My phone suddenly lost signal and I can't call or text — could someone have taken over my number with an eSIM swap?
Yes, this is a known attack. A scammer who gathers enough of your personal information can convince your mobile carrier to transfer your number onto an eSIM they control, cutting off your service and letting them intercept calls and texts, including one-time login codes.
Last reviewed: 5 July 2026
Explanation
An eSIM swap works similarly to a traditional SIM swap but exploits how many carriers now let customers activate a new digital eSIM profile remotely, sometimes with less friction than the older process of ordering a physical SIM card. Scammers gather personal details through phishing, data breaches, or social engineering, then contact the carrier or use a compromised online account portal to request the phone number be moved to a new eSIM, sometimes completing the process entirely online without ever needing to visit a store or speak to staff.

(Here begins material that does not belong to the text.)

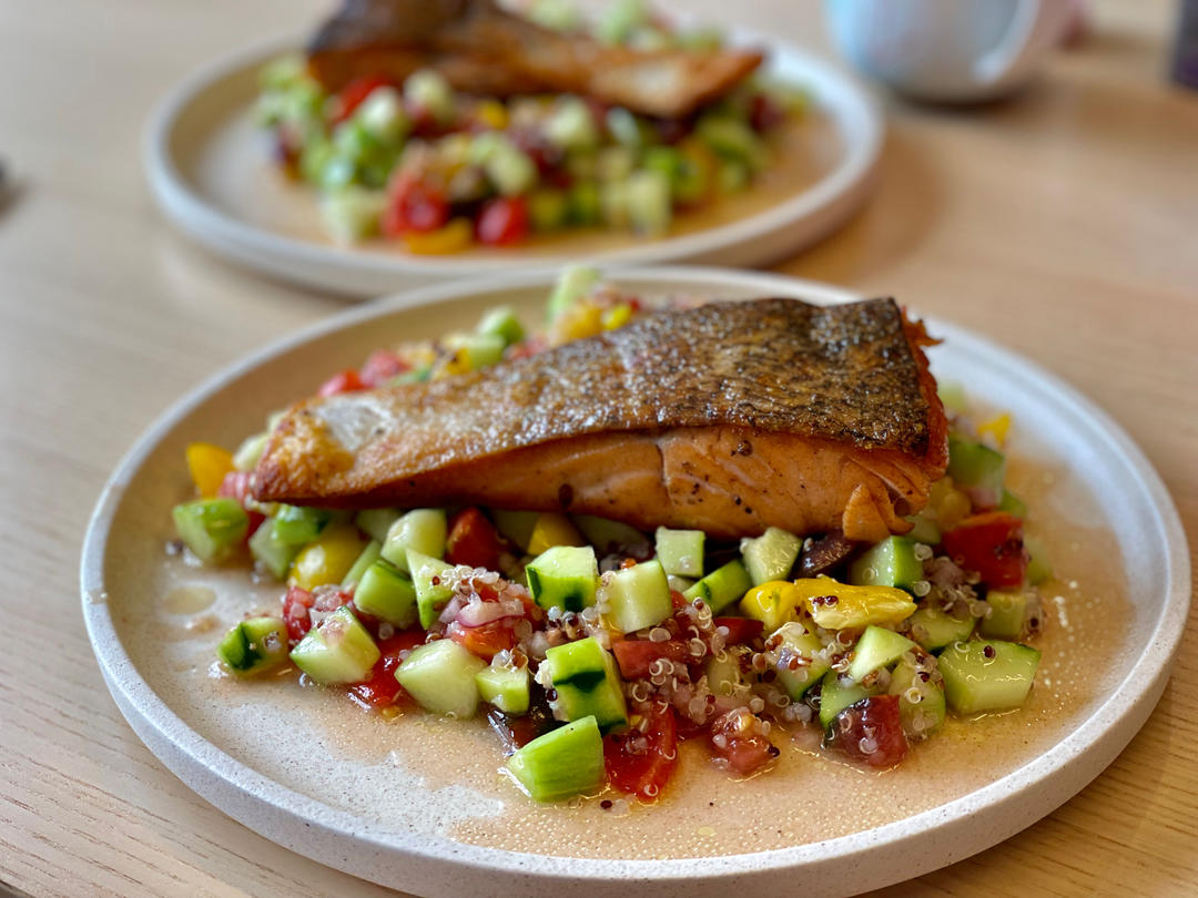 煎三文鱼配超级清新的藜麦番茄黄瓜沙拉,用的是自己家种的番茄和黄瓜。
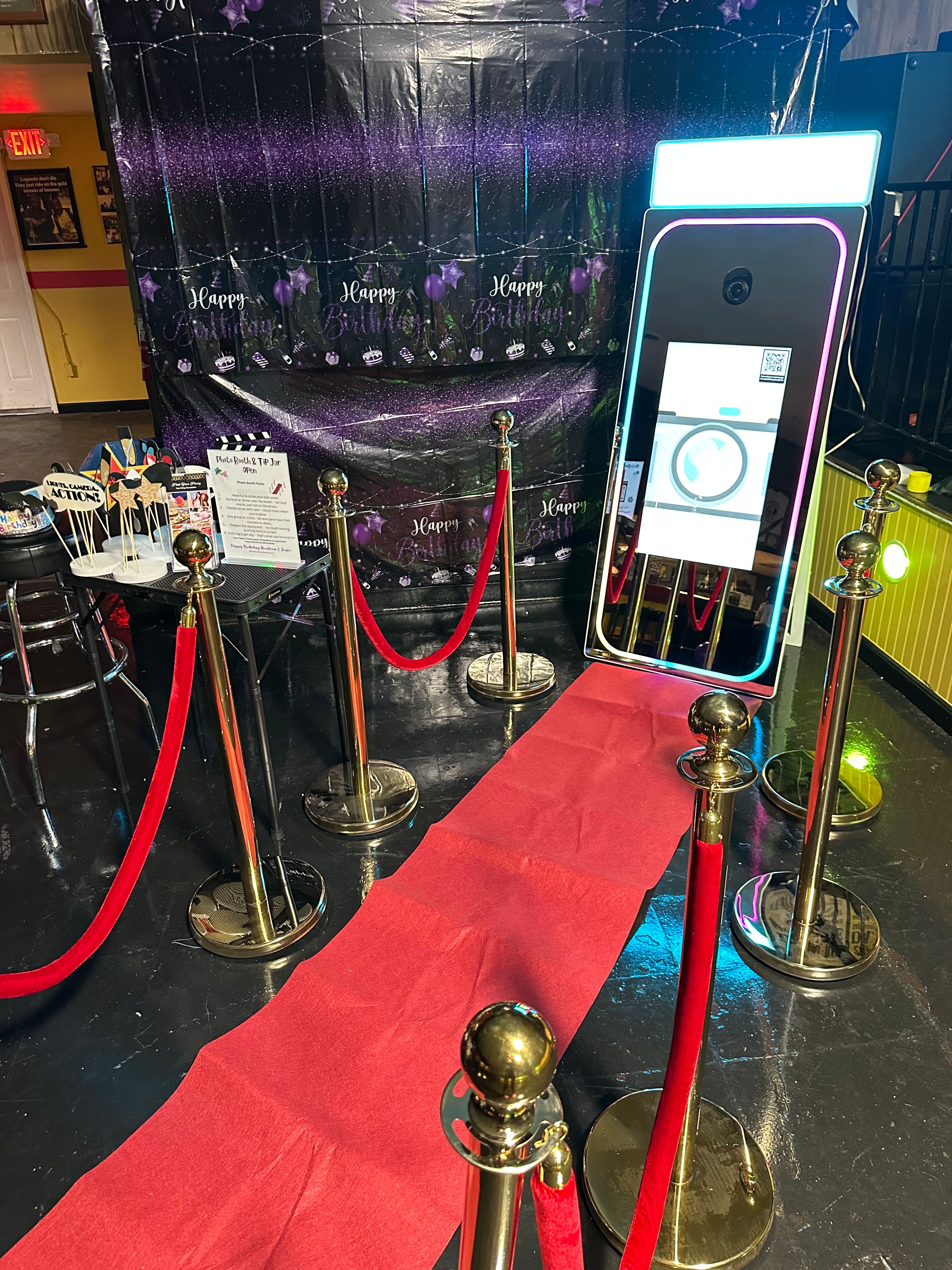 The Mirror Photo Booth was the highlight of our event! Everyone from the kids to the grandparents had a blast taking photos with all the fun props. The setup was elegant, the attendant was so friendly, and the custom photo template made our dad's retirement party feel so special. Thank you, Pick Your Party!

Once the swap succeeds, the victim's phone loses all signal and messaging suddenly, while the scammer's device begins receiving the victim's calls and texts, including one-time passcodes used for banking, email, and other account logins. This makes the eSIM swap a gateway attack, often deployed specifically to then take over financial accounts that rely on text-message codes for verification.
The sudden, complete loss of signal — rather than a gradual weakening — is the key early warning sign, since it usually means the number itself has been moved rather than there being a normal network or device issue. Carriers can usually reverse an eSIM swap once notified, but speed matters because the window before financial accounts are drained can be short.
Common red flags
- Phone suddenly shows no service, no signal bars, or 'SOS only' with no clear cause
- You receive a carrier notification about an eSIM activation or SIM change you didn't request
- Unable to make calls or send texts despite being in an area with normally good coverage
- Login attempt notifications or password reset emails you didn't initiate
- Recent phishing messages or data exposure that could have supplied your personal details to an attacker
- Bank or account activity you don't recognize shortly after losing phone service
What to do now
- Contact your mobile carrier immediately through another phone or in person if your service suddenly drops for no clear reason
- Ask the carrier to reverse the eSIM swap and add a port-out or SIM-change PIN or passphrase to your account
- Log into your bank and major accounts from a trusted device to check for unauthorized access or changes
- Switch critical accounts to an authenticator app rather than text-message codes where possible
- Change passwords on financial and email accounts as a precaution once you regain phone access
- File a report with your carrier's fraud department and local authorities if funds were taken
Frequently asked questions
How is an eSIM swap different from a traditional SIM swap scam?
The underlying attack goal is the same — taking control of your phone number — but eSIM technology can allow the transfer to happen entirely online or remotely, sometimes making it faster and requiring less direct interaction with carrier staff than swapping a physical SIM card.
Can I prevent an eSIM swap before it happens?
Adding a port-out or account PIN with your carrier, avoiding text-message codes as your only two-factor method, and being cautious about where you share personal identifying information all reduce the risk significantly.